Tech plays middleman

Tech may be able to help students, parents and colleges share information in constructive ways. CampusESP (yes, like sixth sense) is a platform that gives families college-specific news and information, and—with student permission—access to their child’s academic and financial data. The Philadelphia-based company claims it “gives helicopter parents a place to land” and helps college admissions and financial aid departments cut down on the number of phone calls and requests they receive from parents.

“We like to give the example of putting a ton of your money in a 401(k) and then not being able to check on it for a few years,” says Keanan Barbour-March, vice president of product at CampusESP. “To a lot of families, that's what a college education can feel like.”

Founded in 2014, CampusESP graduated from the Dreamit accelerator program in Philadelphia in summer 2016. Six higher-ed institutions, including Delaware Community College and Penn State, use its service, and more than 20,000 parents have registered for it, according to the company.

Once parents create an account, they can view college-specific news, events and deadlines on the school’s CampusESP page or through an email newsletter. They can also connect with a student, which allows them to request access to the student’s academic and financial information, such as midterm grades or financial aid details. While this information is protected under FERPA, the student can grant permission for others to see some or all of it.
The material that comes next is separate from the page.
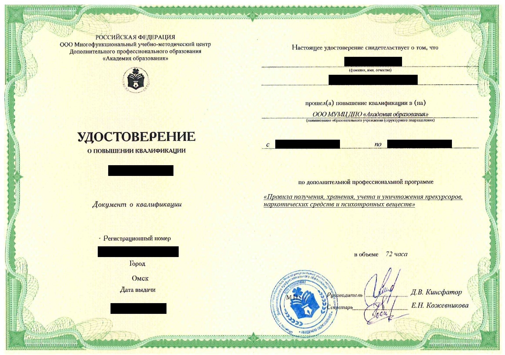 Повышение квалификации правила получения, хранения, учета и уничтожения прекурсоров, наркотических средств и психотропных веществ в Петропавловск-Камчатске
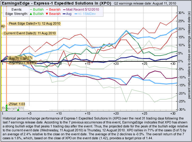 August 12, 2010 / M2 PRESSWIRE / BUYINS.NET, www.buyins.net , a provider of unique trading technologies, released a report on August 11, 2010 at 10:09 am PDT stating that Express-1 Expedited Solutions (NYSE: XPO) was expected to be higher after its earnings were released before the open on Tuesday, August 10, 2010. Click here to view the BUYINS.NET report: http://www.buyins.net/releases/?id=120397

College-specific portals give parents the option to request student information.

Barbour-March says the information is especially valuable for first-generation students and their parents, who are unfamiliar with the process and expectations of going to college. Helping first-gen students and their families navigate college shows great potential, but are those really the users who are logging in to check on grades?
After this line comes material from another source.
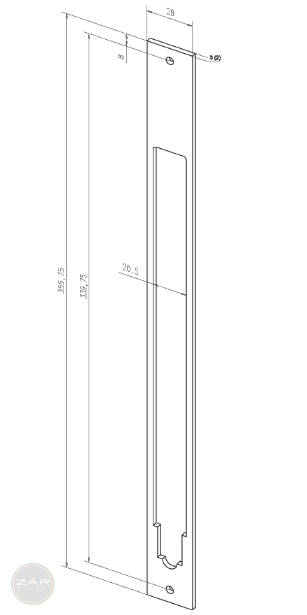 Angled distance holder plate. 356 x 24-28 x 2 mm.

Goldilocks-level involvement

There’s a fine line between being a helpful parent and a suffocating one to undergrads. Reed and her colleagues surveyed 461 college students at FSU and asked questions about parental involvement. They also asked students about their perceived mental and physical health and self-efficacy.
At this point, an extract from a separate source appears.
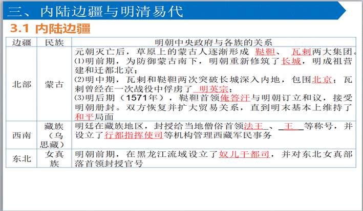 三、内陆边疆与明清易代 | 出示表格内容,问:在明朝,威胁陆疆的民族势力主要有哪些?明政府是如何经略这些地区的?结果如何?

Reed and her colleagues noticed a difference between students with so-called helicopter parents and those whose families allowed them more autonomy. The former reported lower levels of self-efficacy, or the ability to handle tough situations, which in turn led to higher levels of anxiety and depression and lower life satisfaction and physical health. In September 2016, The Atlantic reported helicopter parenting can cause binge drinking among students who’ve been raised in tightly controlled “success factories.”

Reed’s findings don’t suggest parents should cut all ties to their students who’ve flown the coop. A hands-off approach is increasingly difficult given how easy it is for families to stay in touch with digital communication. One in five college students are in touch with their parents three or more times a day, and 41 percent are in touch every day, according to research from Arthur Levine and Diane R. Dean, authors of “Generation on a Tightrope: A Portrait of Today’s College Student.”

There’s a difference between being a helicopter parent and being a supportive one, Reed says. “If a new college student comes to you with a problem, are you trying to tell them what to do, or are you giving them feedback to help them make their own decisions?” She and her team found that students with “autonomous supportive parents”—ones who help their children think for themselves—reported higher life satisfaction, physical health and self efficacy.

CampusESP isn’t the only one playing middleman between families and educators. This week NextTier Education launched a platform to help students, parents and counselors keep tabs on student progress during the application process. And colleges have their own parent portals. (See one from St. Olaf College and Colby College.)

Barbour-March says CampusESP is interested in studying the data from parent interactions across campuses to see how they affect student outcomes like grades, retention and persistence. Is there an optimal amount of parent involvement? “We’re 99 percent of the way there to the product we want to build,” he says. “Now we’re interested in the research side of things—is there a unique formula that helps students be successful?”